> **Exercise material**:
*** Block opens ***

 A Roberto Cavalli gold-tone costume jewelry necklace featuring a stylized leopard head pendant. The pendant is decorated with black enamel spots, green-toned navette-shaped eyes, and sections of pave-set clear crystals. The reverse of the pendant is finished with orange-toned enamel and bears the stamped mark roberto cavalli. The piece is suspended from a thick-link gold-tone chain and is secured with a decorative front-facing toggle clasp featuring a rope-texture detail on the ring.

*** Block closes ***
*** Block opens ***

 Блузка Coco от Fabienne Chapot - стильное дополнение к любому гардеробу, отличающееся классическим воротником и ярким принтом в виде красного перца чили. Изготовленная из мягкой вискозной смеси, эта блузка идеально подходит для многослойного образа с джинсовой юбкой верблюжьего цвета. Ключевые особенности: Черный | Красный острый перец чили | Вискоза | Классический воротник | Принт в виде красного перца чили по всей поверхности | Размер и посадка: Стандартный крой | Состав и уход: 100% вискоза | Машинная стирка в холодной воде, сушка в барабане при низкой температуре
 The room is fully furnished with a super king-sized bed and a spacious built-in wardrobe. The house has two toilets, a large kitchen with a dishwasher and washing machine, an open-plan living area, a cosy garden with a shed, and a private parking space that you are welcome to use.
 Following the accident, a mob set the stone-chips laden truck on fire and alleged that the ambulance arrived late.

*** Block closes ***

> **Brief**: The lines holding the word "that" are the answer. Pull them out of the records and copy them.

> **Your solution**:
 The room is fully furnished with a super king-sized bed and a spacious built-in wardrobe. The house has two toilets, a large kitchen with a dishwasher and washing machine, an open-plan living area, a cosy garden with a shed, and a private parking space that you are welcome to use.
 Following the accident, a mob set the stone-chips laden truck on fire and alleged that the ambulance arrived late.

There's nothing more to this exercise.